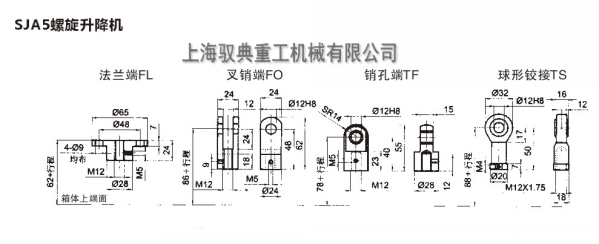 SJA系列升降機(jī)有兩種裝配方式:一是絲桿做升降運動;二是絲桿只轉(zhuǎn)動不升降,通過絲桿旋轉(zhuǎn),帶動螺母做上下升降運動。絲桿頭部形式有四種方式供客戶選擇:法蘭端FL、插銷端FO、銷孔端TF、球星鉸鏈TS。見下圖。
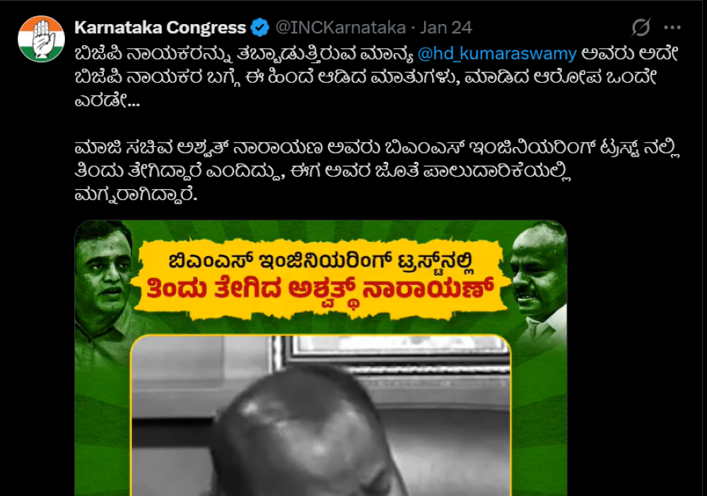 ಬಿಎಂಎಸ್ ಎಜುಕೇಷನಲ್ ಟ್ರಸ್ಟ್ಗೆ ಸಂಬಂಧಿಸಿದ ಸ್ವತ್ತುಗಳನ್ನು ಜಾರಿ ನಿರ್ದೇಶನಾಲಯವು ಮುಟ್ಟುಗೋಲು ಹಾಕಿಕೊಂಡಿದೆ. ಇದರ ಬೆನ್ನಲ್ಲೇ ಕರ್ನಾಟಕ ಪ್ರದೇಶ ಕಾಂಗ್ರೆಸ್ ಸಮಿತಿಯೂ ಸಹ ಎಚ್ ಡಿ ಕುಮಾರಸ್ವಾಮಿ ಅವರನ್ನು ಲೇವಡಿ ಮಾಡಿತ್ತು. ‘ಬಿಜೆಪಿ ನಾಯಕರನ್ನು ತಬ್ಬಾಡುತ್ತಿರುವ ಕುಮಾರಸ್ವಾಮಿ ಅವರು ಅದೇ ಬಿಜೆಪಿ ನಾಯಕರ ಬಗ್ಗೆ ಈ ಹಿಂದೆ ಆಡಿದ ಮಾತುಗಳು, ಮಾಡಿದ ಆರೋಪ ಒಂದೇ ಎರಡೇ, ಮಾಜಿ ಸಚಿವ ಅಶ್ವತ್ ನಾರಾಯಣ ಅವರು ಬಿಎಂಎಸ್ ಇಂಜಿನಿಯರಿಂಗ್ ಟ್ರಸ್ಟ್ ನಲ್ಲಿ ತಿಂದು ತೇಗಿದ್ದಾರೆ ಎಂದಿದ್ದು ಈಗ ಅವರ ಜೊತೆ ಪಾಲುದಾರಿಕೆಯಲ್ಲಿ ಮಗ್ನರಾಗಿದ್ದಾರೆ,’ ಎಂದು ಟ್ವೀಟ್ ಮಾಡಿತ್ತು.
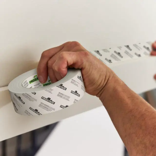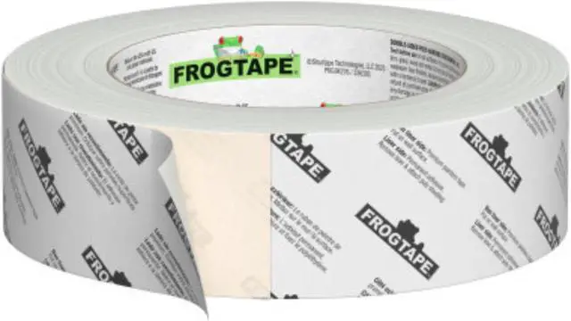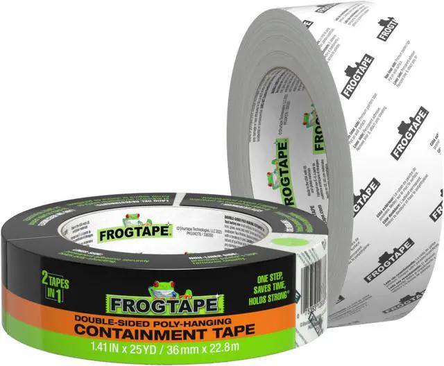 FrogTape Double-Sided Poly-Hanging Containment Tape is a one-step solution for hanging poly sheeting that offers 50% time savings compared to standard methods. With a premium grade painter's tape adhesive on one side and an aggressive adhesive on the other, this all-in-one, high performance containment tape securely holds poly sheeting and ensures protection of surfaces, helping to tackle jobs with speed and ease. Country of Origin: United States.
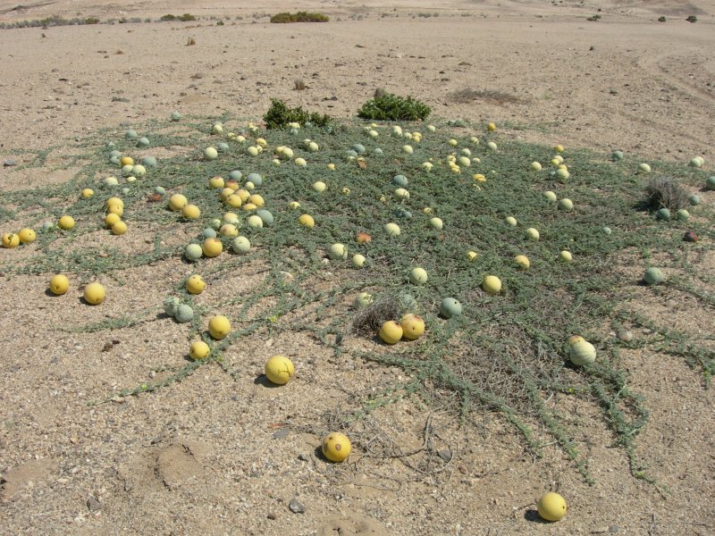 Il frutto che dalle mie parti si chiama “anguria” (Citruulus lanatus) si chiama anche “cocomero”, “pateca”, “cetrone”, “zipangolo”, “sarginesco”, “melone d’acqua” (come in inglese, tedesco e molte altre lingue) oppure “sandia” (come in spagnolo, dall’arabo sandijja). È originario dell’Africa subsahariana, il suo parente selvatico più stretto pare essere Citrullus ecirrhosus, che vedete in foto. Altro parente stretto è il coloquintide (Citrullus colocynthis), che vive nel sud del Mediterraneo, comprese alcune isole minori siciliane. Il suo frutto è molto amaro ed ha un drastico effetto purgante. È probabilmente il frutto citato nella Bibbia, nel Secondo Libro dei Re, ai versetti 39–40:
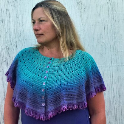 Worked from the neckline down in rows, this relaxing knit will be your favourite “on the go” project. It’s perfect for using up smaller balls of yarn or that one “special” skein. Easy to wear over t-shirts or dresses.
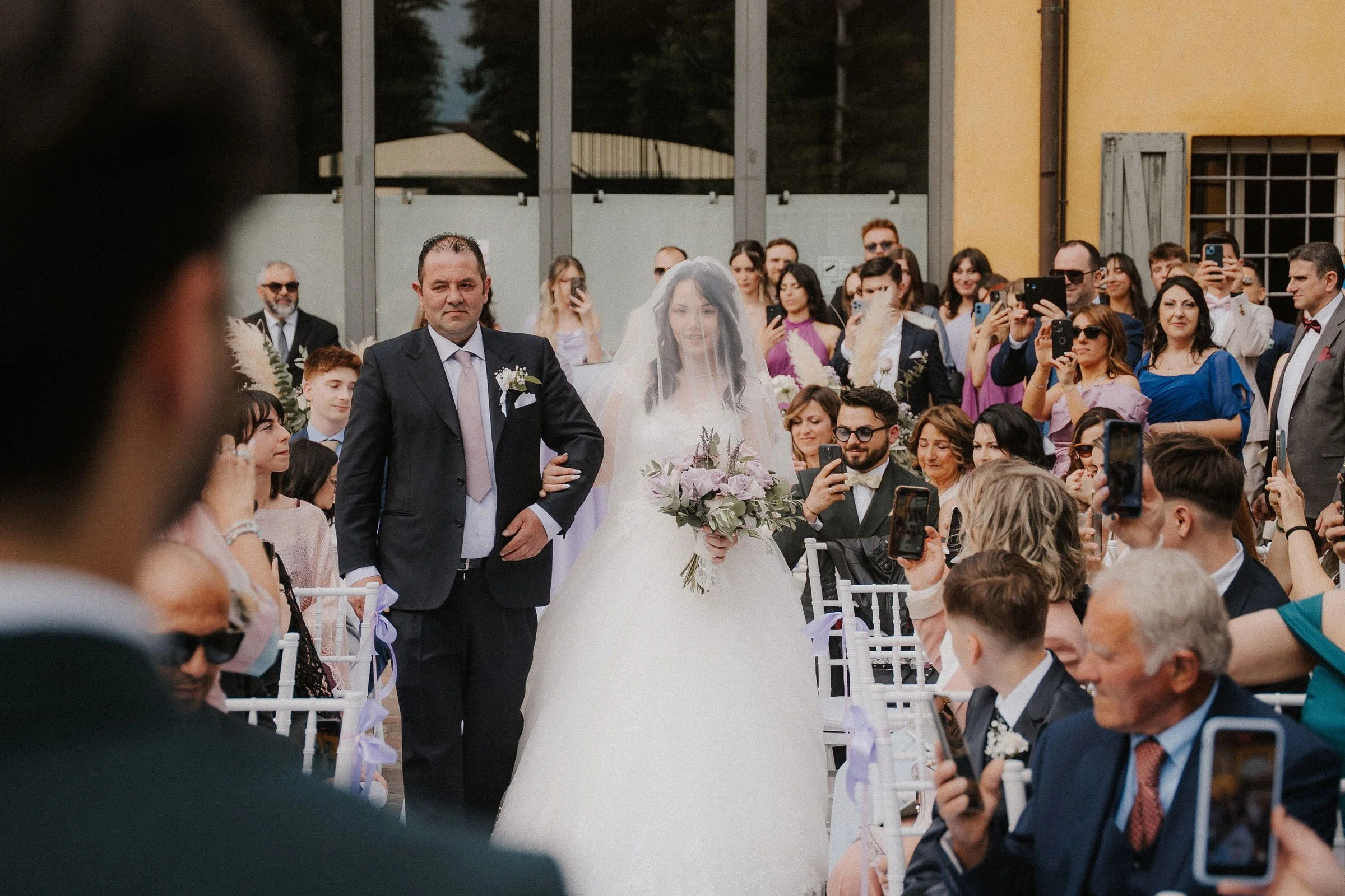 Their wedding day was everything they dreamed of: simple, genuine, and filled with emotion. The intimate outdoor ceremony took place in the peaceful gardens of Corte dei Melograni, with close family and friends gathered to witness their vows under the open sky.
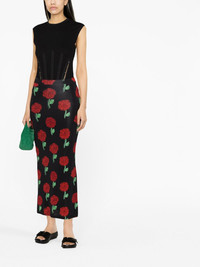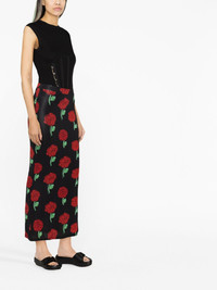high-waisted floral-print skirt Taking a creative approach to design, this high-waisted skirt from Versace Jeans Couture features an all-over motif print depicting roses. Constructed from sophisticated materials, the garment has a simultaneously refined feel. Highlights - Black - High waist - All-over floral print - Straight hem Made in Italy Composition Outer: Viscose 96%, Spandex/Elastane 4% Lining: Polyamide 100% SIZE & FIT Model measurements Height 5 ft 10 in(1.77 m) Bust/Chest 32.67 in(83 cm) Hips 35.43 in(90 cm) Waist 23.62 in(60 cm) FittingInformation This midi-length skirt is intended to be worn high on the waist The elasticated waist allows for a comfortable fit This piece fits true to size – take your usual size
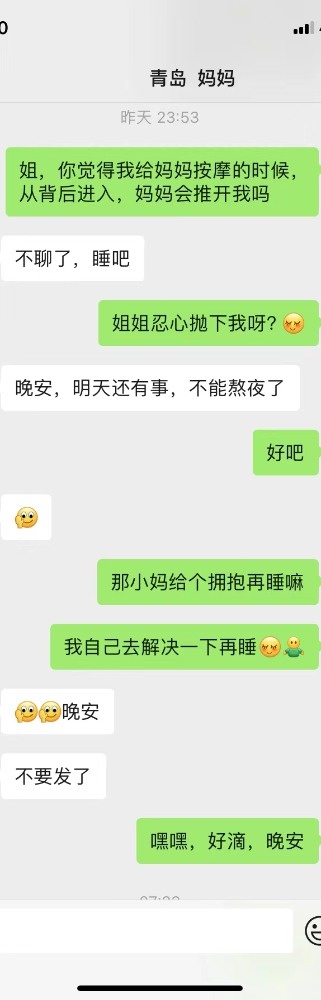说的对哦,加上第二天,估计妈妈已经被我撩的春心荡漾的不行了,后来结束了话题,睡觉了,今天不怎么理我,估计是昨天聊的太猛了。
· · · · · · ·
#### [Work instruction]
Write out every entry exactly. Pictures do not belong in the copy.

#### [Result below]
 SJA系列升降機(jī)有兩種裝配方式:一是絲桿做升降運動;二是絲桿只轉(zhuǎn)動不升降,通過絲桿旋轉(zhuǎn),帶動螺母做上下升降運動。絲桿頭部形式有四種方式供客戶選擇:法蘭端FL、插銷端FO、銷孔端TF、球星鉸鏈TS。見下圖。
 ಬಿಎಂಎಸ್ ಎಜುಕೇಷನಲ್ ಟ್ರಸ್ಟ್ಗೆ ಸಂಬಂಧಿಸಿದ ಸ್ವತ್ತುಗಳನ್ನು ಜಾರಿ ನಿರ್ದೇಶನಾಲಯವು ಮುಟ್ಟುಗೋಲು ಹಾಕಿಕೊಂಡಿದೆ. ಇದರ ಬೆನ್ನಲ್ಲೇ ಕರ್ನಾಟಕ ಪ್ರದೇಶ ಕಾಂಗ್ರೆಸ್ ಸಮಿತಿಯೂ ಸಹ ಎಚ್ ಡಿ ಕುಮಾರಸ್ವಾಮಿ ಅವರನ್ನು ಲೇವಡಿ ಮಾಡಿತ್ತು. ‘ಬಿಜೆಪಿ ನಾಯಕರನ್ನು ತಬ್ಬಾಡುತ್ತಿರುವ ಕುಮಾರಸ್ವಾಮಿ ಅವರು ಅದೇ ಬಿಜೆಪಿ ನಾಯಕರ ಬಗ್ಗೆ ಈ ಹಿಂದೆ ಆಡಿದ ಮಾತುಗಳು, ಮಾಡಿದ ಆರೋಪ ಒಂದೇ ಎರಡೇ, ಮಾಜಿ ಸಚಿವ ಅಶ್ವತ್ ನಾರಾಯಣ ಅವರು ಬಿಎಂಎಸ್ ಇಂಜಿನಿಯರಿಂಗ್ ಟ್ರಸ್ಟ್ ನಲ್ಲಿ ತಿಂದು ತೇಗಿದ್ದಾರೆ ಎಂದಿದ್ದು ಈಗ ಅವರ ಜೊತೆ ಪಾಲುದಾರಿಕೆಯಲ್ಲಿ ಮಗ್ನರಾಗಿದ್ದಾರೆ,’ ಎಂದು ಟ್ವೀಟ್ ಮಾಡಿತ್ತು.
 FrogTape Double-Sided Poly-Hanging Containment Tape is a one-step solution for hanging poly sheeting that offers 50% time savings compared to standard methods. With a premium grade painter's tape adhesive on one side and an aggressive adhesive on the other, this all-in-one, high performance containment tape securely holds poly sheeting and ensures protection of surfaces, helping to tackle jobs with speed and ease. Country of Origin: United States.
 Il frutto che dalle mie parti si chiama “anguria” (Citruulus lanatus) si chiama anche “cocomero”, “pateca”, “cetrone”, “zipangolo”, “sarginesco”, “melone d’acqua” (come in inglese, tedesco e molte altre lingue) oppure “sandia” (come in spagnolo, dall’arabo sandijja). È originario dell’Africa subsahariana, il suo parente selvatico più stretto pare essere Citrullus ecirrhosus, che vedete in foto. Altro parente stretto è il coloquintide (Citrullus colocynthis), che vive nel sud del Mediterraneo, comprese alcune isole minori siciliane. Il suo frutto è molto amaro ed ha un drastico effetto purgante. È probabilmente il frutto citato nella Bibbia, nel Secondo Libro dei Re, ai versetti 39–40:
 Worked from the neckline down in rows, this relaxing knit will be your favourite “on the go” project. It’s perfect for using up smaller balls of yarn or that one “special” skein. Easy to wear over t-shirts or dresses.
 Their wedding day was everything they dreamed of: simple, genuine, and filled with emotion. The intimate outdoor ceremony took place in the peaceful gardens of Corte dei Melograni, with close family and friends gathered to witness their vows under the open sky.
high-waisted floral-print skirt Taking a creative approach to design, this high-waisted skirt from Versace Jeans Couture features an all-over motif print depicting roses. Constructed from sophisticated materials, the garment has a simultaneously refined feel. Highlights - Black - High waist - All-over floral print - Straight hem Made in Italy Composition Outer: Viscose 96%, Spandex/Elastane 4% Lining: Polyamide 100% SIZE & FIT Model measurements Height 5 ft 10 in(1.77 m) Bust/Chest 32.67 in(83 cm) Hips 35.43 in(90 cm) Waist 23.62 in(60 cm) FittingInformation This midi-length skirt is intended to be worn high on the waist The elasticated waist allows for a comfortable fit This piece fits true to size – take your usual size
说的对哦,加上第二天,估计妈妈已经被我撩的春心荡漾的不行了,后来结束了话题,睡觉了,今天不怎么理我,估计是昨天聊的太猛了。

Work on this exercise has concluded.